Tipps zum Bauchfett loswerden:

  • Entzündungshemmende Ernährung: Besonders empfehlenswert ist eine basische Ernährung mit einem hohen Gemüseanteil. Ebenso sind Antioxidantien besonders wichtig: Hierzu gehören beispielsweise Vitamin C (aus Obst und Gemüse), Vitamin E (aus hochwertigen Pflanzenölen und Nüssen), sekundäre Pflanzenstoffe sowie wertvolle Spurenelemente. Auch Magnesium ist ein bedeutender Bestandteil einer entzündungshemmenden Ernährung. Ebenso dürfen Omega-3-Fettsäuren nicht fehlen: Neben ihren entzündungshemmenden Eigenschaften regulieren die Omega-3-Fettsäuren die Blutfettwerte sowie den Cholesterinspiegel.

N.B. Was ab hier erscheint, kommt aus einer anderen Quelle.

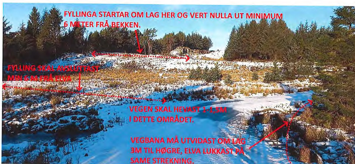
Fig. 2. Bakken lengst borte skal jamnast (planerast) ut om lag ned mot der den stripla lina markerer at bakkenivået vert nådd. Sjå òg fig. 4. I tillegg må vegen i framkant utvidast i innersvingen. Dette då den i dag er for krapp slik at det ber utfordrande å kome forbi med større bilar. Elva som vegen kryssar her, må leggjast i røyr om lag 3 meter utover dagens situasjon dvs frå vegen og om lag til den stripla lina. Vegen må òg hevast om lag 1-1,5 m i denne svingen. Utover dette skal elva framleis liggje open som i dag, men den må reinskast når det er naudsynt. I dette området ligg det ein kommunal vassleidning som det lyt takast omsyn til.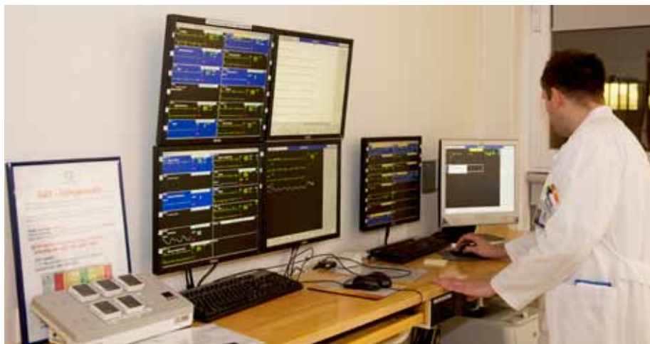
Námslæknir á vakt fylgist með hjartalínuriti sjúklings á stofu.

„Marklýsing námsins er í endurskoðun. Kennslustjórar hafa verið að skoða marklýsingar frá Bandaríkjunum, Bretlandi, Danmörku og Svíþjóð, en umtalsverð þróun hefur verið í framhaldsnámi á öllum þessum stöðum á undanföllum árum. Í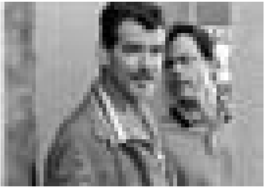
Ein Freund drängt sich auf ... Pierce Brosnan und Greg Kinnear in "The Matador" von Richard Shepard. Neu im Utopolis.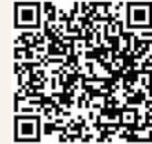
「希望的朝聖者」 歌曲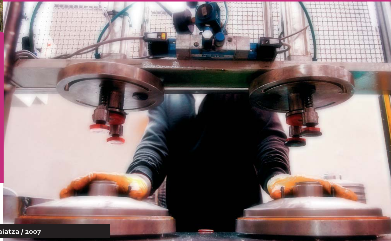
Elektrikari, tubo-egile, fresatzaile, tornulari eta soldatzaile lana egiteko 114 emakume trebatu dituzte.

Ikasketek iraun bitartean, emakumeek diru-laguntza bat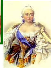
Елизавета Петровна 1741-1761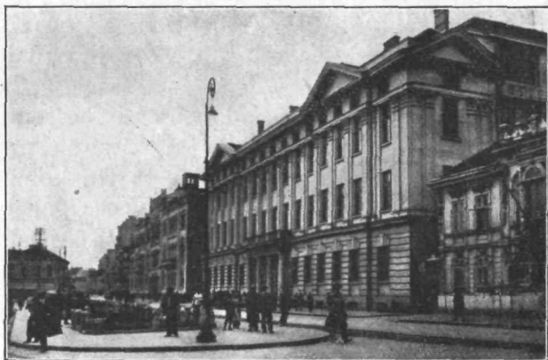
Staro (levo) in novo (desno) vseučilišče na Kraljevem trgu

raljev trg je po spodnjem delu zasajen s parkom, ki pa je precej zapuščen. Ni čuda! Na njegov rob in vanj so postavili peki in mesarji svoje kolibe, ob njem in v njem prodajajo vsak dan zelenjavo in sadje, kuretino in vse, kar je še vsakdanjih kuhinjskih potreb; ob park in vanj je stisnjena »velika pijaca« — tržnica — ki mu ne veča lepote. Kakor je ta »pijaca« že stara, je prav, da je le še začasna; že danes gradi Beograd prostrano, moderno tržnico na Zelenem vencu zahodno malo pod Terazijami, v načrtu pa ima za najkrajši čas še tri druge take tržnice. Ko bodo vse te zgrajene, se umaknejo zelenjadarji, branjevke, kokošarji, mesarji in peki tudi iz parka na Kraljevem trgu, njihove lope in kolibe izginejo in trg dobi tudi v spodnjem svojem delu, ono velikomestno lice, ki ga ima v zgornjem. Tu ga zapira dvoje velikih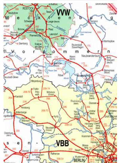
Die Prignitz, eine ländlich geprägte und wirtschaftlich schwache Region im Nordwesten Brandenburgs, konnte bisher ihre Eisenbahn erhalten. Auf der verkehrlich interessanten Strecke Meyenburg--Plau--Karow--Güstrow wurde der Personenverkehr vom Land Mecklenburg-Vorpommern bereits abbestellt. (Karte: DB Kursbuchkarte Mai 2006)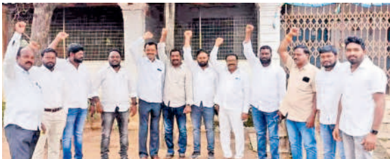
బీఆర్ఎస్ కు మద్దతు తెలుపుతూ నినాదాలు చేస్తున్న సంఘాల నాయకులు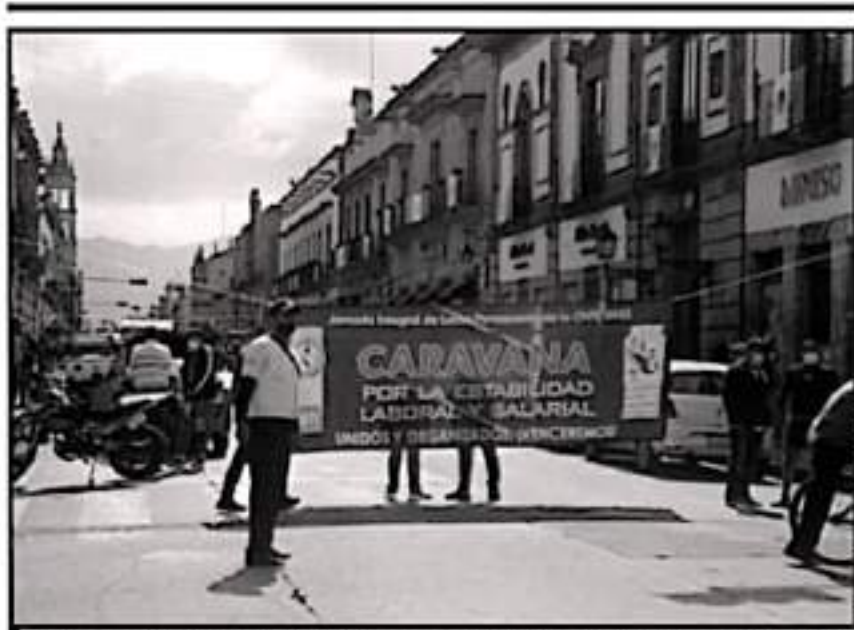
LOS PROFESORES SE HAN MOVILIZADO EN MORELIA Y OTROS PUNTOS DEL ESTADO MANIFESTANDO SU PREOCUPACIÓN

Subrayó que los trabajadores de la educación estatal tendrán certidumbre cuando el gobierno estatal tenga los 3 mil 822 millones de pesos que compromete la Federación.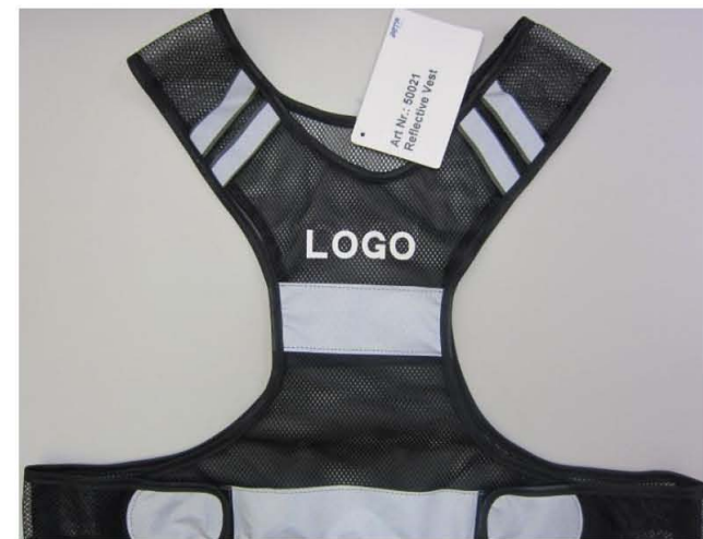
Article no. 50021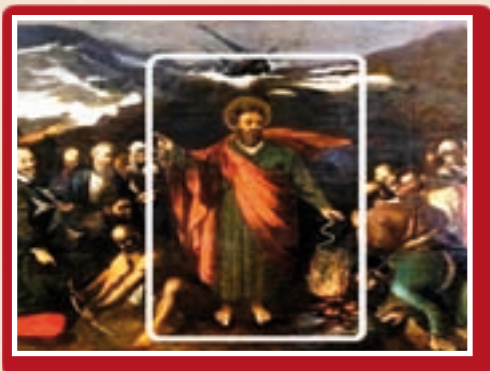
In-Nawfragju: pittura, disinn, riliev

4. Il-Martirju ta' San Pawl 5 . Il-kwadru li ġie magħżul għandu storja kurjuża li tajjeb tinkiteb. Huwa wiehed minn serje ta' tmax-il kwadru orizzontali li juru l-martirju tat-tmax l-appostlu iżda f'dawn il-kwadri kull appostlu hu muri darbtejn,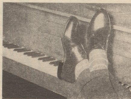
Schwarze zweifärbige Halbschuhe in der südlichen spitzen Machart werden immer populärer und sind, weil sie jugendlich wirken, auch bei älteren Semestern recht beliebt.

Beiliegend ein Ausschnitt aus einer Modebeilage: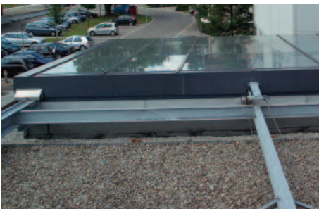
Seilzug, Umlenkrolle und Trommelmotor gewährleisten eine geräuscharme Bewegung.

Quatre paires de galets supportent l'ensemble guidé sur des rails intérieurs.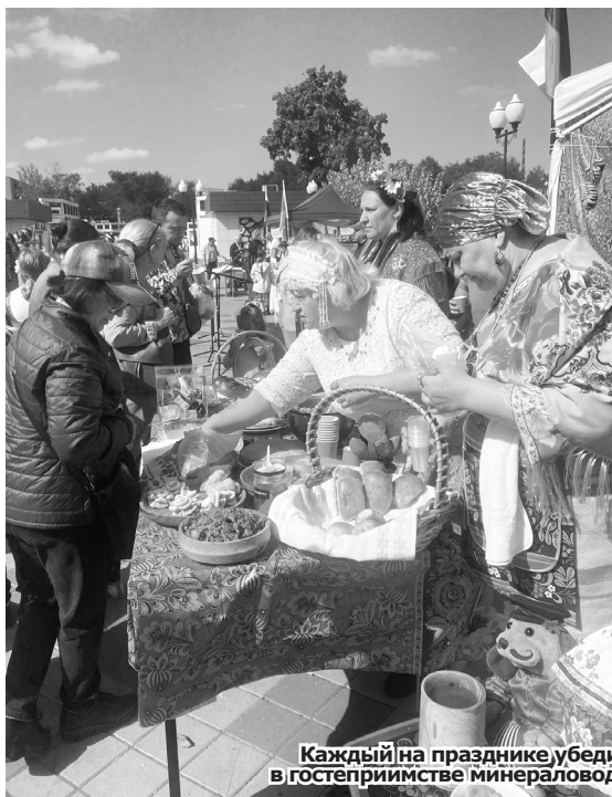
Каждый на празднике убедился в гостеприимстве минераловодцев.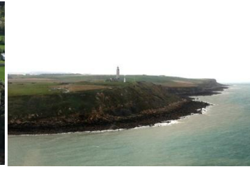
Cap- Gris -Nez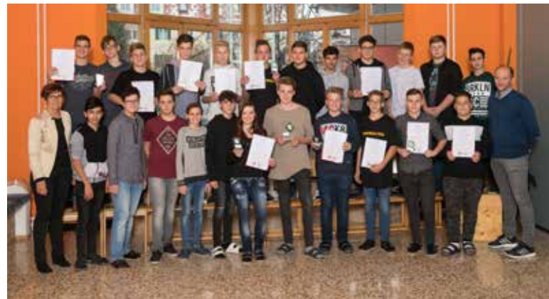
Gruppenfoto der Teilnehmer/innen am Steirischen Baulehrlingscasting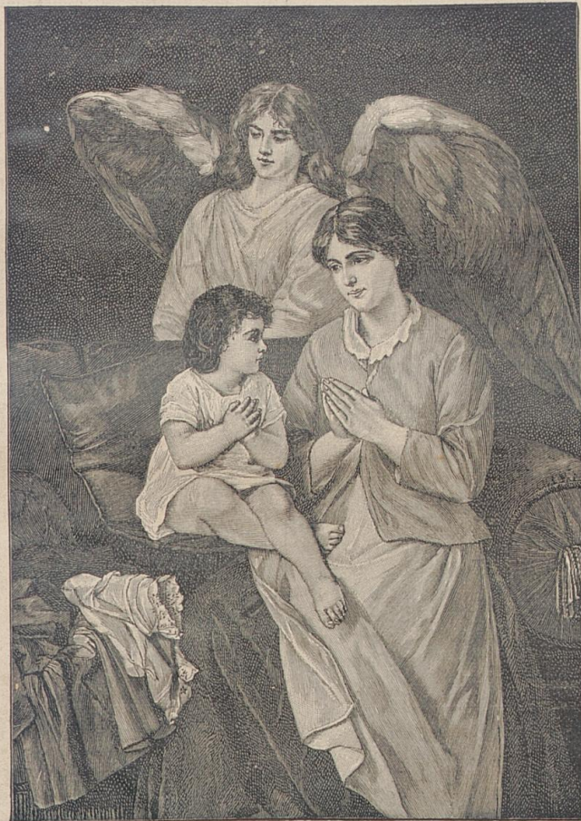
Erstes Gebet. Von W. Kraß.

Berühmt und viel besucht ist die vor einigen Jahren auf dem Falkenstein erbaute Lourdesgrotte, welche, in natürliche Felsen eingehauen, umgeben von der großartigen Gebirgsnatur, wohl die schönste nicht nur in der Diözese, sondern weit über dieselbe hinaus sein dürfte. Zahlreiche Andächtige wallen im Laufe des Sommers zu der herrlichen Grotte auf dem Falkenstein.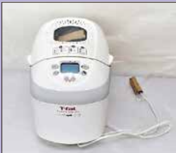
ホームベーカリー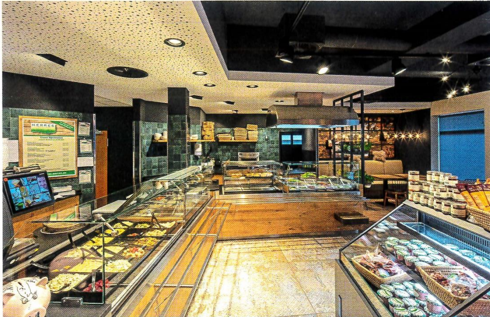
Schrutka-Peukert gestaltete die Einrichtung der Fleischerei Herres im Landkreis Trier-Saarburg.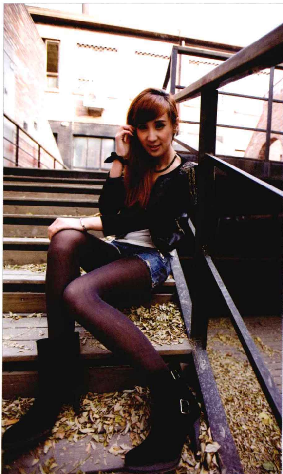
● 光圈: f/8 ● 快门速度: 1/100s ISO 感光度: ISO100 ■ 焦距: 26mm

模特并不是深坐在楼梯上，而是只坐在台阶的1/3处，身体也没靠在身后的栏杆上，双腿的摆放加上广角镜头的使用，模特显得更加修长。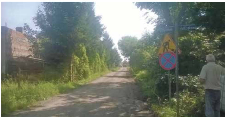
Fot. Ulica Ogrodowa w Krynicznie przed przebudową

Każdego roku sukcesywnie przybywa nowych dróg w gminie Wisznia Mała. Poprawiają one komfort mieszkańców, a co ważniejsze bezpieczeństwo zarówno pieszych, jak i zmotoryzowanych.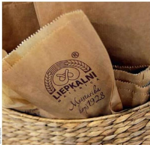
SIA Liepkalni par intelektuālā īpašuma jautājumiem domā nopietni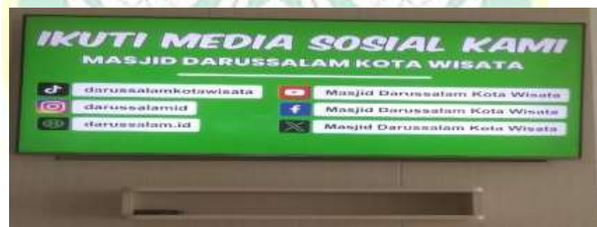
Gambar 4.16 : videotron informasi alamat akun medson masjid Darussalam

“ setiap hari Kamis. Biasanya saya mendapat informasi kajian ibu ibu ini dari Instagram, dari situ saya bisa lihat kajian Kamis minggu ini apa topiknya dan siapa pengisi kajiannya. Ibu juga kadang informasi dari WA teman. teman saya rutin ikut kajian terus saya diajak sampai sekarang.” 154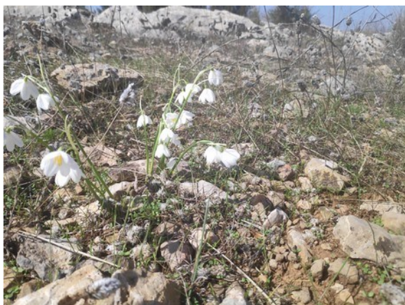
Acis valentina , endemismo iberolevantino de floración otoñal catalogado como Vulnerable , que crece sobre terrenos rocosos calizos y cuenta con varias poblaciones en la provincia de Castellón.

Erodium aguilellae (P, E, R) Erodium sanguis-christi (E, R) Guillonea scabra (E) Helianthemum organifolium subsp. glabratum (E) Rhamnus lycioides (E) Satureja innota (E)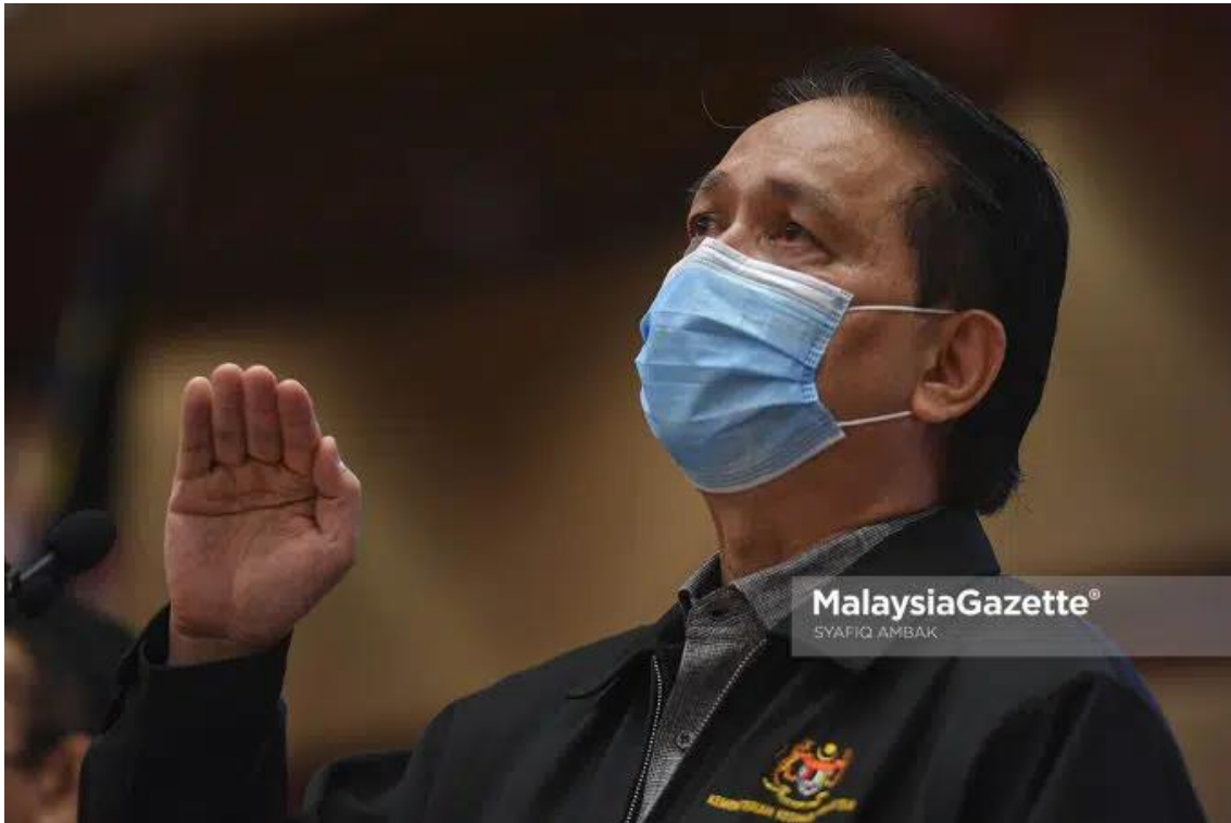
Dr. Noor Hisham Abdullah

KUALA LUMPUR – Kementerian Kesihatan memutuskan semua polymyxins adalah bahan terlarang dalam produk ubat veterinar.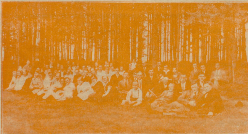
Wandsburgi ühing Waldeswiefeil.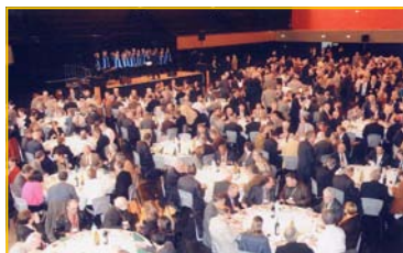
Plus de 500 convives au déjeuner du samedi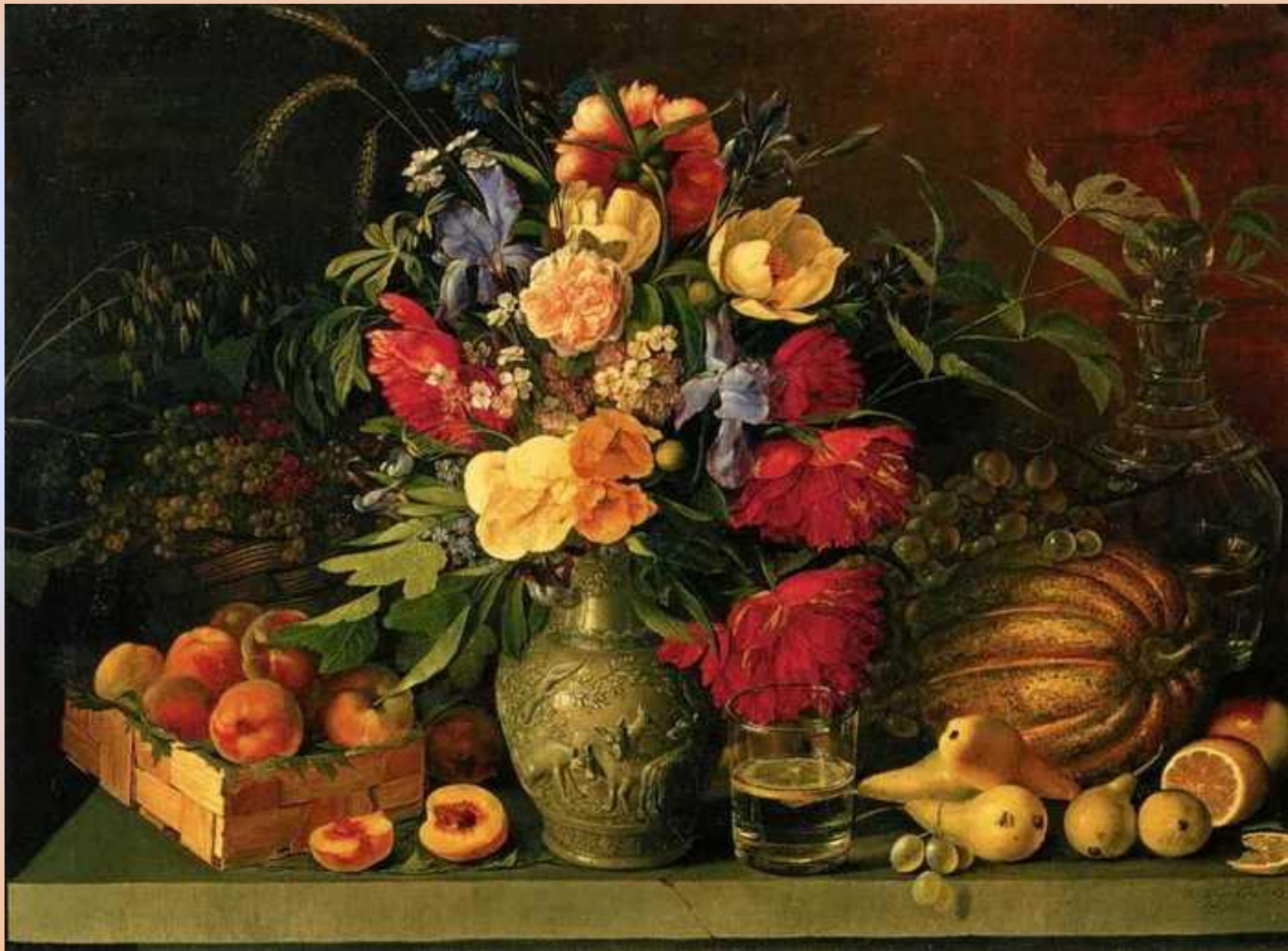
Т. Хруцкий. Плоды и цветы. 1836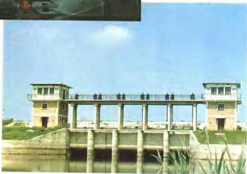
洪泥河首闸(七十立方米每秒)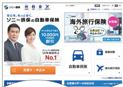
ウェブサイトトップページ (2018年7月現在)

代理店は損害保険会社と代理店委託契約を結び、保険募集を行うことができます。なお、代理店は、保険業法に従い所定の手続きを経て代理店登録や募集人としての届出を行う必要があります。また、登録や届出にあたっては、損害保険募集人一般試験の合格を要件としています。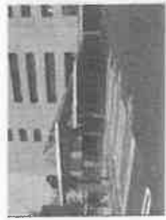
身体の不自由な方、妊婦さん、ベビーカーを使う人が優先的に利用できる駐車場

の考え方をさらに進め、障がい者、高齢者、妊婦、外国人など全ての人が暮らしやすいまちづくり、ものづくり、環境づくりを行っていくために条例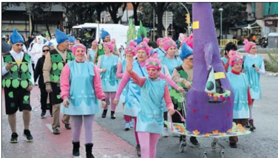
Una de les comparses durant la rua de Carnaval de l'any passat.

El dia 10, la cercavila començarà a les 17.30 h a la plaça d'Antoni Baqué amb tots els participants al Concurs de disfresses. - Juanjo Cintas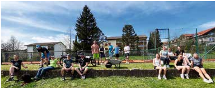
Eine Pause muss auch sein! Danke an alle Helfer.

Heimsaison eröffnen die Damen am 5. Mai, um 10 Uhr gegen den TSV Burgberg. 4 Mannschaften sind dieses Jahr in Oberstaufen am Start: Herren 30 in der Südliga 2, unsere Jüngsten, die Dunlop Midcourt U10 Südliga 2, Damen 40 in der Südliga 4 und ganz neu, die Damenmannschaft der Spielgemeinschaft des TC Blau-Weiß Oberstaufen und des ESC Immenstadt. Allen Tennisfreunden einen schönen Tennissommer und viele schöne, gesellige Stunden auf unserer schönen Tennisanlage.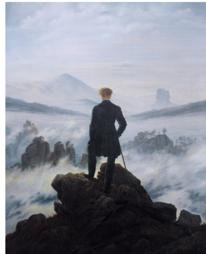
Caspar David Friedrich, Caminant sobre una mar de boira , 1817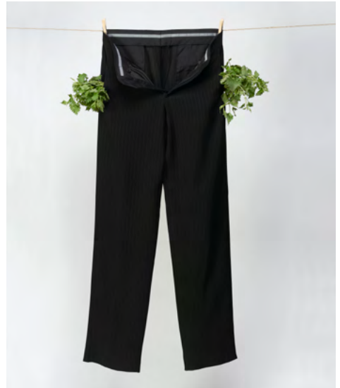
Mircea Cantor, Tasca che punge , 2007. Pantalón Armani, ortigas, tierra, cuerda y pinzas de madera. Dimensiones variables.

Algunos artistas abordan desde el condicionamiento hasta la sobreproducción y el consumismo excesivo, mientras que otros se apoderan de objetos banales de los que está saturada nuestra sociedad para revelar su poder simbólico o transformarlos en remanentes absurdos del consumo de masas. La forma en la que habitamos el espacio está influenciada por un marco económico, flujos de información e intercambios incesantes. El resultado es una forma de sometimiento a nuestros sistemas de producción industrial y nuestro entorno tecnológico, que dañan nuestros cuerpos y controlan nuestras emociones.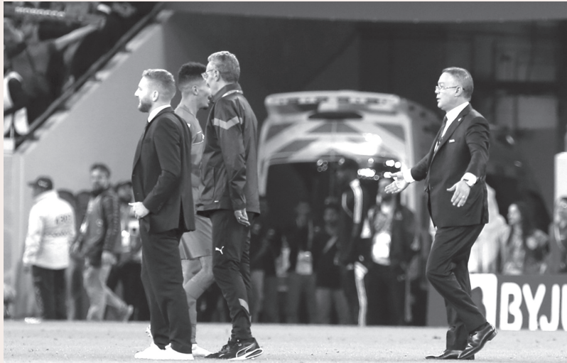
فرحة رئيس الجامعة بتأهل الأسود بنصف نهائي المونديال

  • Intervallfasten gegen lästiges Bauchfett: Eine bestimmte Zeit auf feste Nahrung zu verzichten, hilft Ihnen dabei, Bauchfett loswerden zu können. Eine Fastenperiode von zwölf bis sechzehn Stunden stabilisiert die Insulin- und Blutzuckerwerte und senkt die Gefahr einer Diabetes-Erkrankung. Neue Erkenntnisse zeigen, dass Intervallfasten im Prinzip gesund ist, allerdings ist die lange Essenspause zwischen dem Abendessen und dem Frühstück möglicherweise kontraproduktiv. Es bietet sich an, ein eiweißreiches und kohlenhydratarmes Frühstück zu konsumieren, da die Gefahr besteht, dass der Körper den Muskeln Eiweiß entzieht. Somit schützt das proteinreiche Frühstück die Muskeln. Diese sind wichtig, da sie viel Energie verbrauchen, was im Umkehrschluss bedeutet, dass das Gewicht nach einer Diät unweigerlich wieder steigen wird, wenn man nicht auf den Erhalt der Muskeln achtet.
  • Ganz ohne Bewegung klappt es nicht: Sport und Bewegung sind unverzichtbare Maßnahmen, um Bauchfett loswerden zu können. Bereits eine moderate Aktivität reicht aus, um Übergewicht und die damit verbundenen Risiken zu vermeiden. Wandern, ein flotter Spaziergang oder einmal wöchentlich eine Stunde schwimmen, können schon sehr viel bewirken. Allein auf Ausdauersport zu setzen reicht oftmals nicht aus, Krafttraining oder die Kombination kann wesentlich effektiver sein.
Sport wird beim Abneh­men über­schätzt und beim Gewicht hal­ten unter­schätzt. – Dr. med. Har­dy Wal­le, Ernäh­rungs­me­di­zi­ner und Fach­arzt für Inne­re Medizin
Es sollte auf jeden Fall vermieden werden, Tabletten oder ähnliches zu konsumieren, um Bauchfett loszuwerden. Entsprechende Mittel sind in der Regel nicht sehr effektiv und schaden dem Körper eher als ihm zu helfen.

Bauchfett loswerden mit einer Kombination aus Kraft- und Ausdauertraining geht rasch, wenn man es mit einer gesunden Ernährung paart. Dies erspart eine OP, um das überschüssige Fett zu reduzieren, und es können gefährliche Folgeerkrankungen vermieden werden. Eine OP ersetzt auch nicht eine gezielte Diät, da sich auf diese Weise nicht das Fett, das sich in den Organen einlagert reduziert werden kann. Der Effekt ist nur äußerlich, wesentlich nachhaltiger ist abnehmen mit Hilfe von vernünftigen proteinlastigen Mahlzeiten in Kombination mit einem abwechslungsreichen Training. Gezielte Übungen verbrennen nachhaltig Fett und reduzieren den Bauchumfang beziehungsweise den Taillenumfang.